The steady pressure of her grip on his cloak altered as her hand moved a little, a fumbling gesture, as if trying to express something she wasn’t sure how to envision. “They hurt Ingold,” she said after a long time. “These three … things. Made of jewels. They were playing the flute to the thing that sleeps in the pool. Now and then things would crawl out of the slunch in the pit in front of them. Blood …” She frowned, like a sleeper disturbed by incongruity but unable to wake.
“Are they up at the Nest?” Rudy pitched his words to be no more than a murmur in the dark, so as not to bring her away from the borderlands where she could still see down into her dream.
“I don’t think so.”
“In the Keep, maybe?”
She thought about that for a long time. “They’re in this jewel,” she said at last. “It’s full of mist, and there’s a statue there without any eyes, staring ahead into the darkness. But there’s light where they are, only it isn’t really light.”
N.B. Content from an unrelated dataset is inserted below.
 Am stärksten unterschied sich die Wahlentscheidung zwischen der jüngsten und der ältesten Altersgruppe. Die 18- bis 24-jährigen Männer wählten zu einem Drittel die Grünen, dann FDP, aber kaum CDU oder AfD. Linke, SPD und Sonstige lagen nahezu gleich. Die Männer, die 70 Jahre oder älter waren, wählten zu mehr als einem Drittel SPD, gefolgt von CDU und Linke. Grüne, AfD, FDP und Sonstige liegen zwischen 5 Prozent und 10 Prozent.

Light that was not really light flickered ahead of Rudy, a wizard’s signal among the mourning humps of the stones. Five years ago Gil had shown Rudy the trail over which Ingold had led her from the Nest in what had once been a city of the Dark, and that trail was gone now, swallowed by St. Prathhes’ inexorable advance. Great heaps of wanly glittering ice lay all along the glacier’s feet, broken from the wall above, and all the ground between the Four Ladies and what had been the trail head lay under a sheet of water, milky in the night.
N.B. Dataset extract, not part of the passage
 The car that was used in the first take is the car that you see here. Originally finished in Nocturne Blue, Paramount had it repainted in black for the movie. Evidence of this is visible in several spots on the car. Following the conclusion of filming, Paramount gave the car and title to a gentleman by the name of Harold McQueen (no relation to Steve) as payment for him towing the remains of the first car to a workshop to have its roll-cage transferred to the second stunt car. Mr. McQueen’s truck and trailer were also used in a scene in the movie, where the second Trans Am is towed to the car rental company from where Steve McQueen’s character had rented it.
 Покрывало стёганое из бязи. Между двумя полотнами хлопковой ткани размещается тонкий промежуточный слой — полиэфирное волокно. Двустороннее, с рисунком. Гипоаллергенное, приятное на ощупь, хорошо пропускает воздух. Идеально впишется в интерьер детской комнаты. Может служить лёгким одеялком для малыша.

The miniature elfwood of dwarf alder that had grown hereabouts was dying. One end of the meadow was leprous with slunch.
“Ingold?” called Rudy softly. “You there, man?”
“As much of me as is left after coming over the glacier.” What Rudy thought was one of the Four Ladies moved, and the frost he thought he’d seen dislimned itself into wispy hair and an unkempt beard. Ingold levered himself to his feet using his staff. Fingers and palms were bandaged, the rags that wrapped them crusted with blood. “Did you bring food?”